- Opening Delimiter -

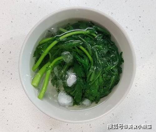 9、取出山茼蒿,放入冰水降溫。
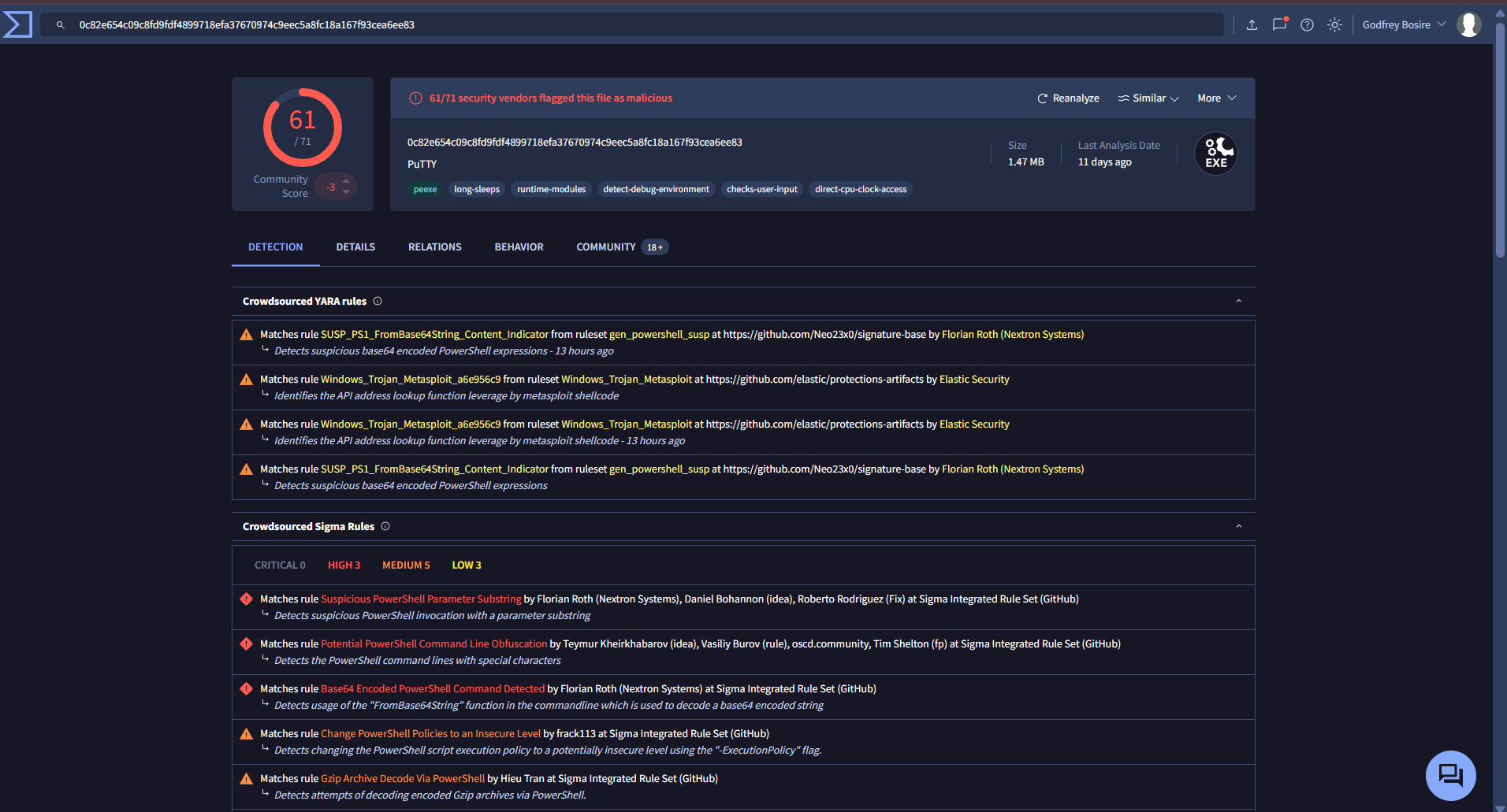 That is what made this sample interesting. On the surface, it still looked like PuTTY. But deeper in the strings output, there was a very suspicious PowerShell command:
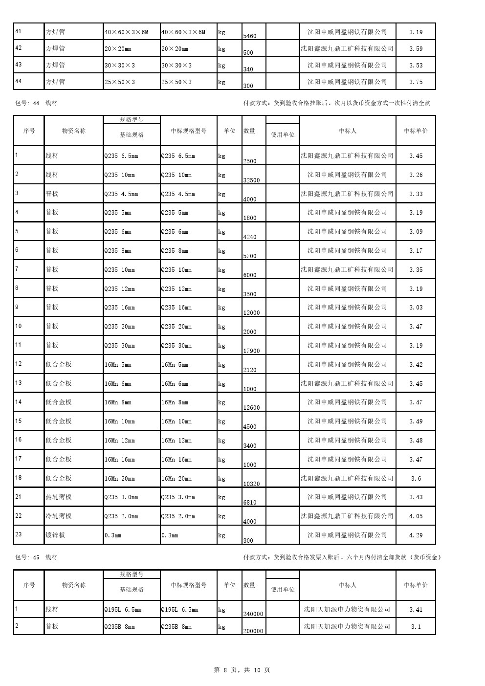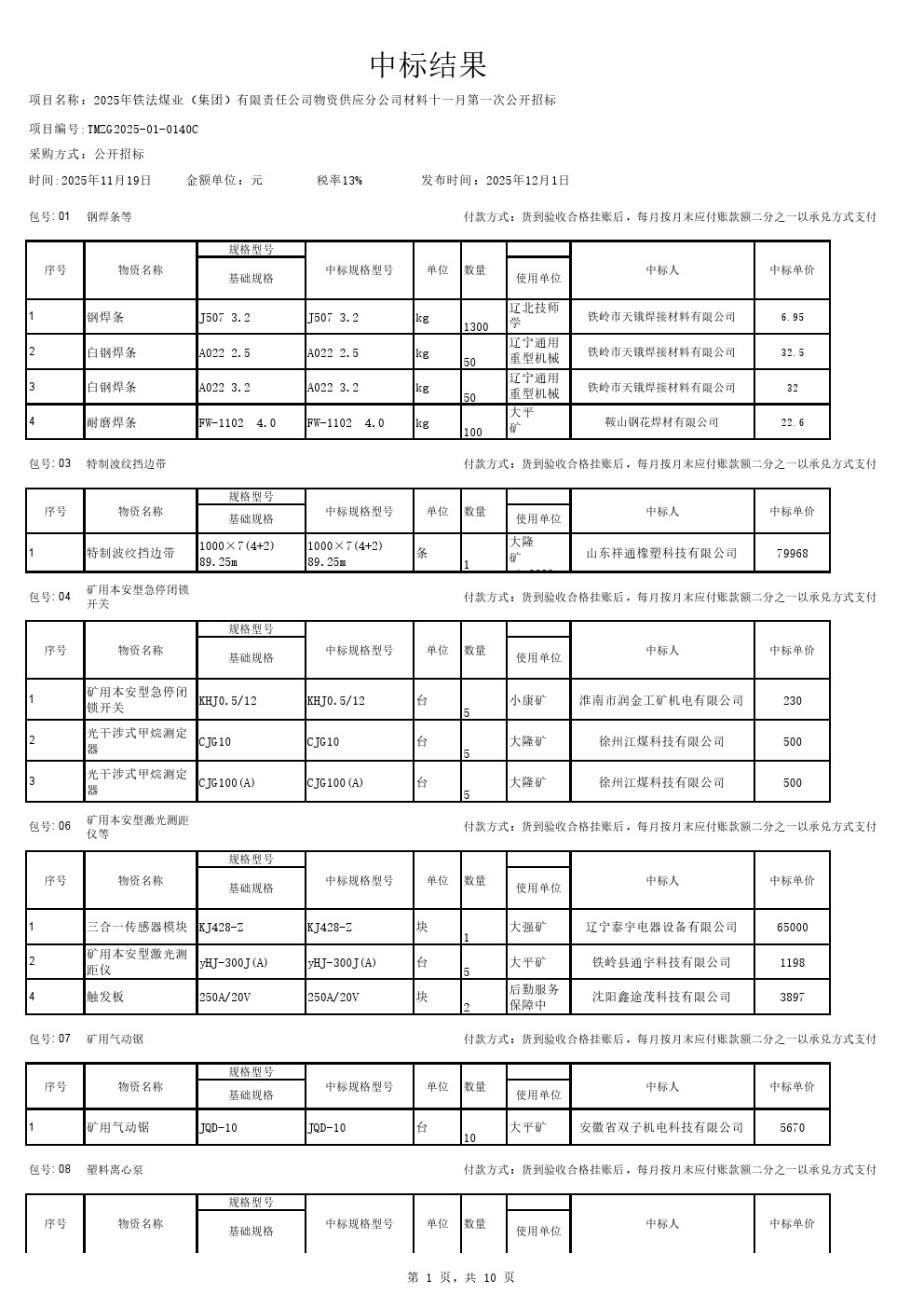2025年11月19日材料公开招标中标结果公告(0140C)1
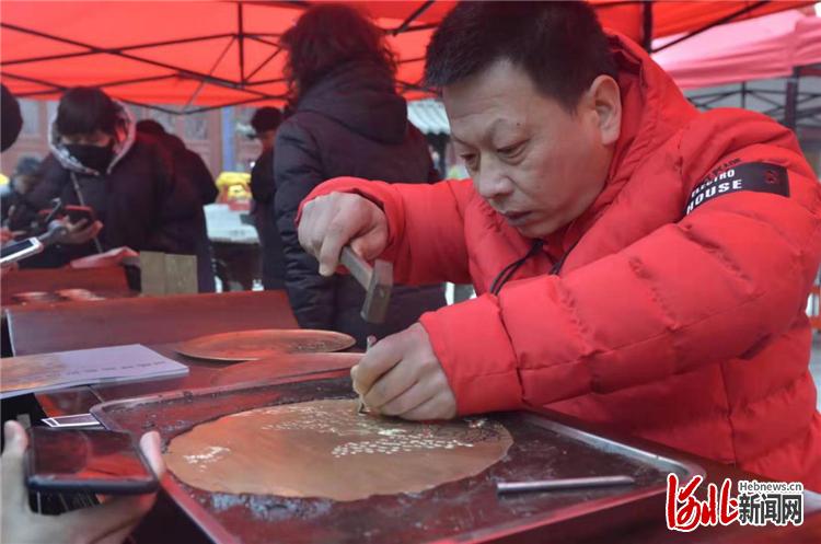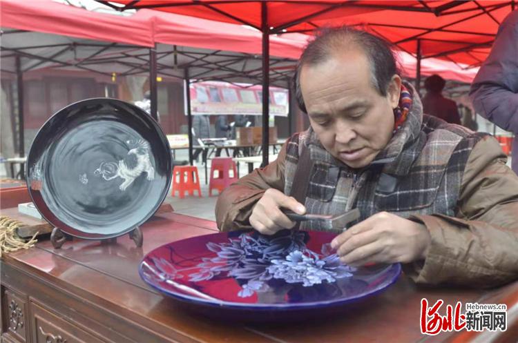 在展演现场,非遗师傅们的现场创作吸引了众人的围观。“敲上1亿次,这个牡丹就快成了!”刻瓷技艺的师傅候汉鹏说道,河间刻瓷技艺,是一种用剥凿刻釉的方法,在瓷盘一类瓷制器皿上雕刻人物、花鸟、文字等,再辅以托座、镶嵌等木雕工艺,形成一种独特的民间手工艺术。小小的磁盘,是他播种的原野,灵巧的刻刀,是他耕耘的犁杖,2017年,侯汉鹏的刻瓷技艺被评选为市级非物质文化遗产,这是对他艺术事业的又一次认可。“我争取让更多的人了解刻瓷、学习刻瓷,要将这门艺术发扬光大。”候汉鹏说。
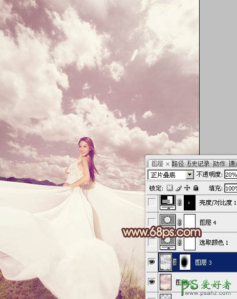 6、新建一个图层,盖印图层。按Ctrl + Shift + U 去色,混合模式改为“正片叠底”,不透明度改为:20%,加上图层蒙版,用黑色画笔把中间部分擦出来,效果如下图。
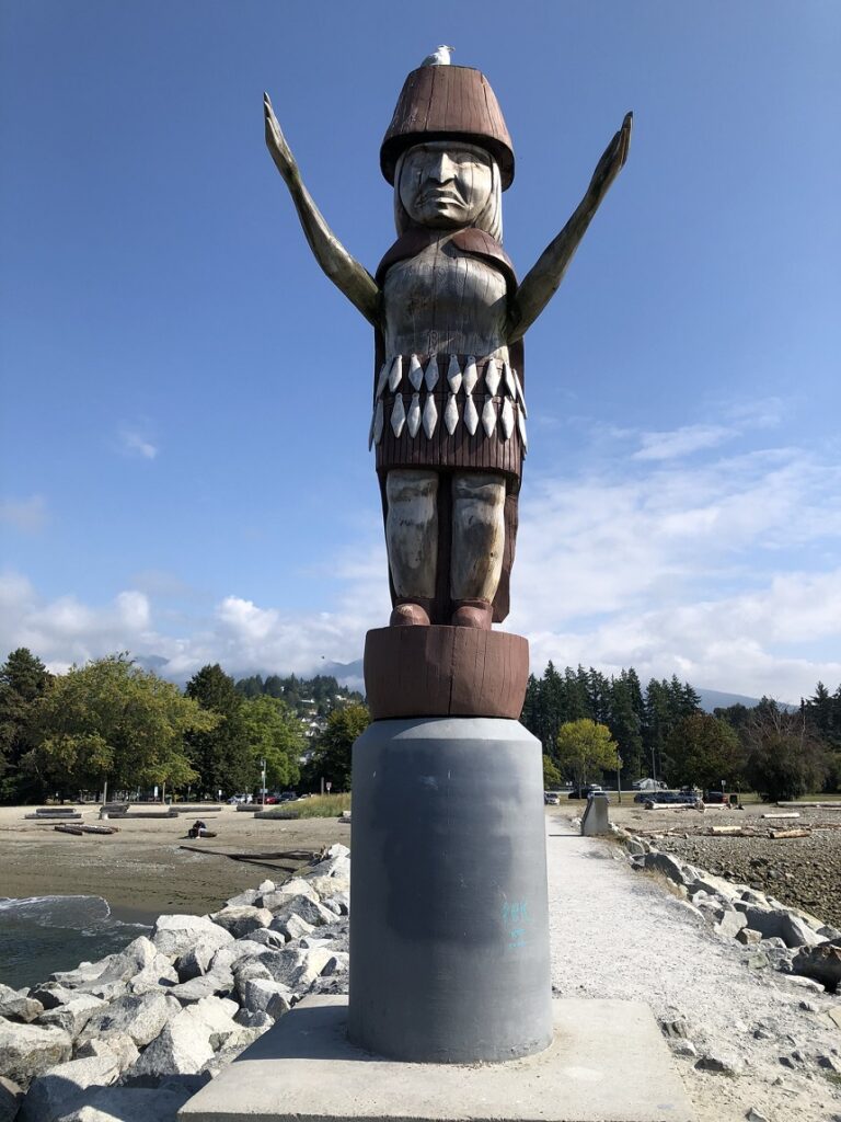 Το είδαμε στην παραλία του Αμπλσάϊτ στο West Vancouver… Ένα εντυπωσιακό άγαλμα που απεικονίζει μια γυναίκα με υψωμένα χέρια, η οποία ονομάζεται “η φιλόξενη φιγούρα”. Σύμφωνα με την πλάκα, αφιερώθηκε από το Έθνος Squamish στους κατοίκους του Δυτικού Βανκούβερ και συμβολίζει το καλωσόρισμα και τη φιλοξενία. Ενδιαφέρον να δούμε τι είναι τυπωμένο πάνω στην πινακίδα…
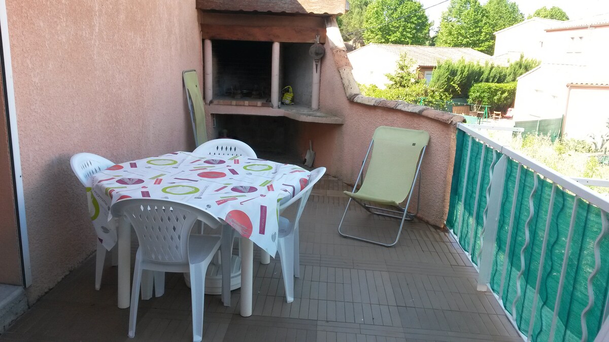 Appartement de 64m² dans maison de village traversante donnant sur vignes et gorges de l'Hérault. Proche du centre du village. Un escalier un peu raide permet d'accéder à une grande pièce à vivre ouverte sur un grand balcon/terrasse avec baie vitrée orientée est qui surplombe un jardin et une vigne, vue belle et dégagée. Coin salon (canapé convertible), coin salle à manger et cuisine ouverte. Au même niveau, chambre (lit double en 160) et salle de bain douche/wc. Résa Cybevasion & LBC possible
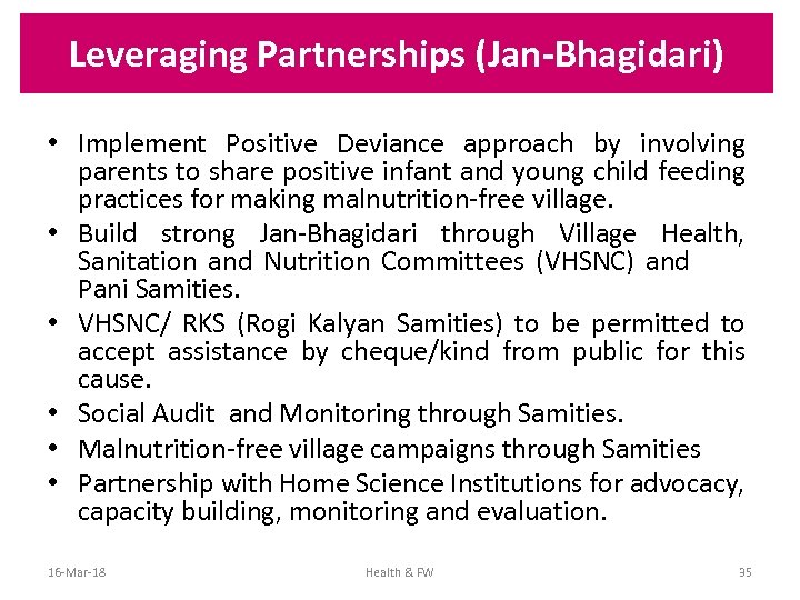 Leveraging Partnerships (Jan-Bhagidari) • Implement Positive Deviance approach by involving parents to share positive infant and young child feeding practices for making malnutrition-free village. • Build strong Jan-Bhagidari through Village Health, Sanitation and Nutrition Committees (VHSNC) and Pani Samities. • VHSNC/ RKS (Rogi Kalyan Samities) to be permitted to accept assistance by cheque/kind from public for this cause. • Social Audit and Monitoring through Samities. • Malnutrition-free village campaigns through Samities • Partnership with Home Science Institutions for advocacy, capacity building, monitoring and evaluation. 16 -Mar-18 Health & FW 35
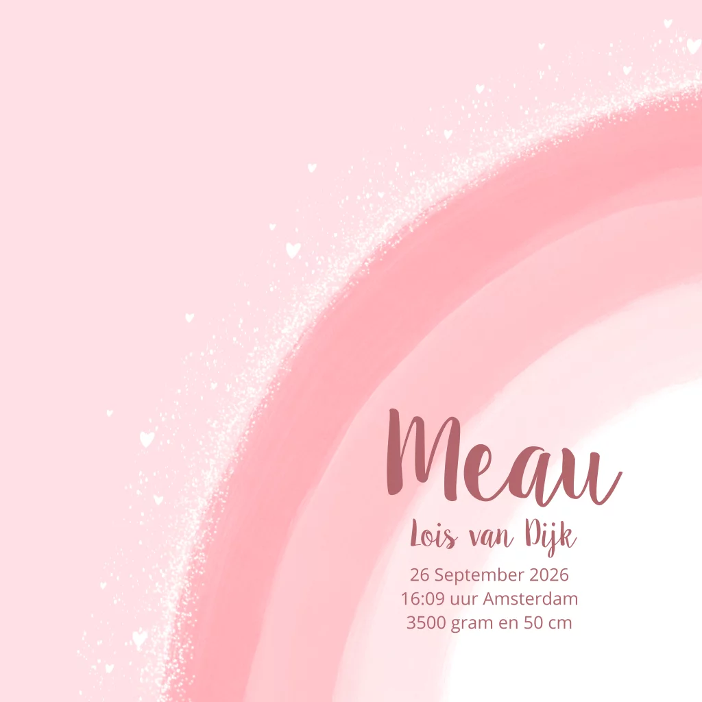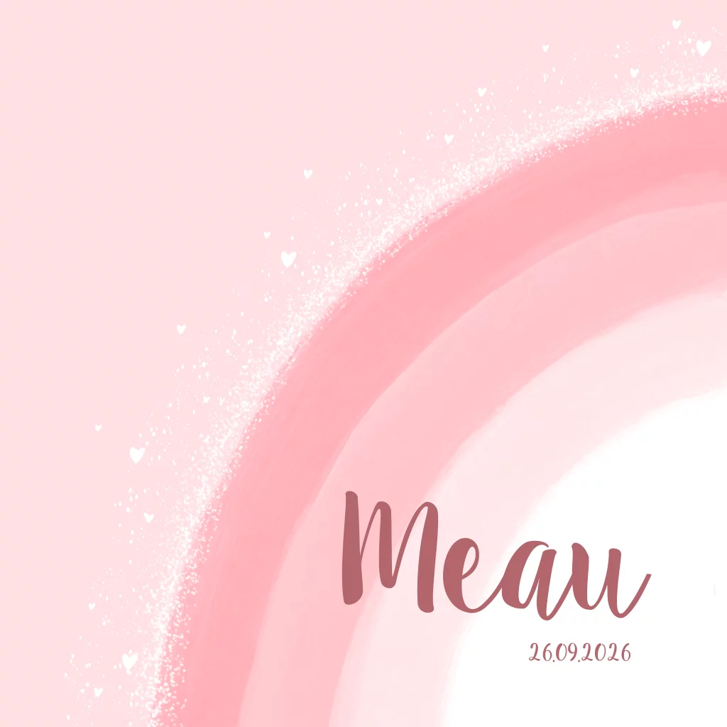 Een lief geboortekaartje met een roze regenboog en hartjes voor een meisje. Pas zelf de teksten aan. (23391) Geboortekaartje Meau
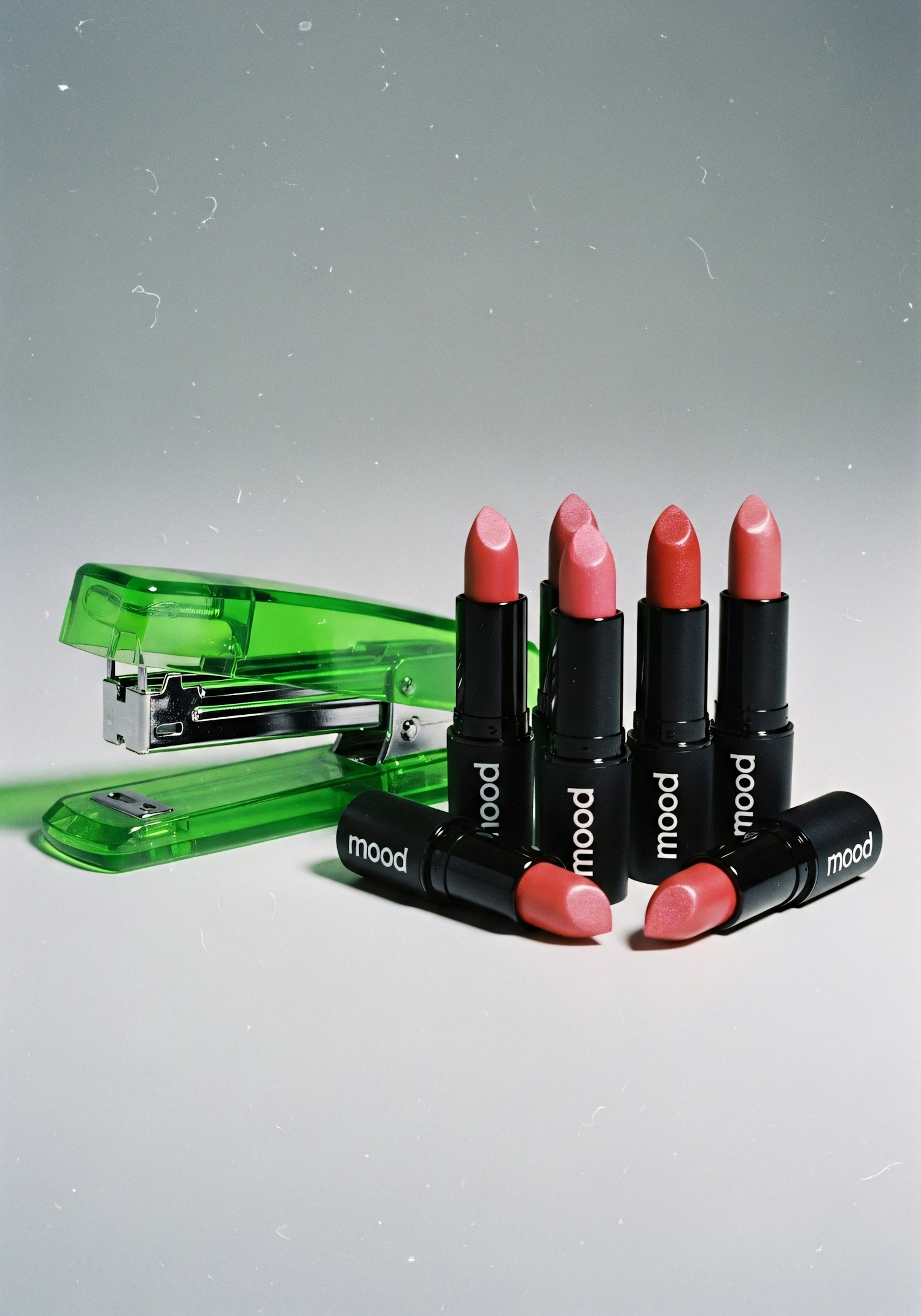 A set of pink lipsticks in black tubes with a green stapler on a neutral background, showcasing vibrant colors and sleek design.
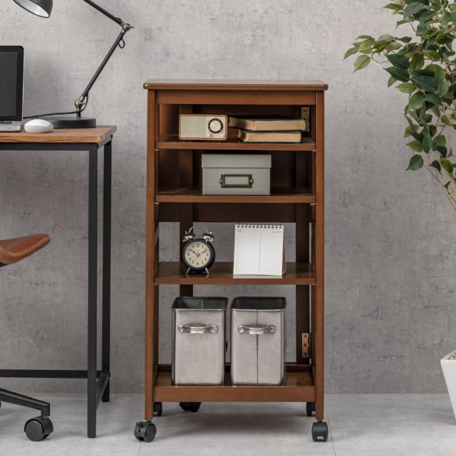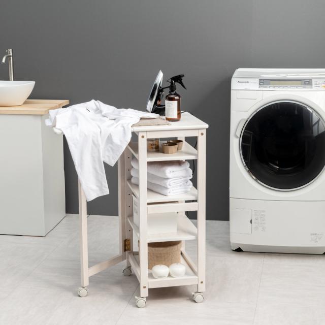 天板を広げない場合はコンパクトにラックとして収納でき、場所を取りません。キャスターも付いているので使いたいときにはサッと取り出し、片付けも簡単に行えます。

- Closing Delimiter -

In the data above, find the line containing "在展演现场,非遗师傅们的现场" and the line containing "Το είδαμε στην". Repeat those two lines and everything between them exactly, minus the pictures.

 在展演现场,非遗师傅们的现场创作吸引了众人的围观。“敲上1亿次,这个牡丹就快成了!”刻瓷技艺的师傅候汉鹏说道,河间刻瓷技艺,是一种用剥凿刻釉的方法,在瓷盘一类瓷制器皿上雕刻人物、花鸟、文字等,再辅以托座、镶嵌等木雕工艺,形成一种独特的民间手工艺术。小小的磁盘,是他播种的原野,灵巧的刻刀,是他耕耘的犁杖,2017年,侯汉鹏的刻瓷技艺被评选为市级非物质文化遗产,这是对他艺术事业的又一次认可。“我争取让更多的人了解刻瓷、学习刻瓷,要将这门艺术发扬光大。”候汉鹏说。
 6、新建一个图层,盖印图层。按Ctrl + Shift + U 去色,混合模式改为“正片叠底”,不透明度改为:20%,加上图层蒙版,用黑色画笔把中间部分擦出来,效果如下图。
 Το είδαμε στην παραλία του Αμπλσάϊτ στο West Vancouver… Ένα εντυπωσιακό άγαλμα που απεικονίζει μια γυναίκα με υψωμένα χέρια, η οποία ονομάζεται “η φιλόξενη φιγούρα”. Σύμφωνα με την πλάκα, αφιερώθηκε από το Έθνος Squamish στους κατοίκους του Δυτικού Βανκούβερ και συμβολίζει το καλωσόρισμα και τη φιλοξενία. Ενδιαφέρον να δούμε τι είναι τυπωμένο πάνω στην πινακίδα…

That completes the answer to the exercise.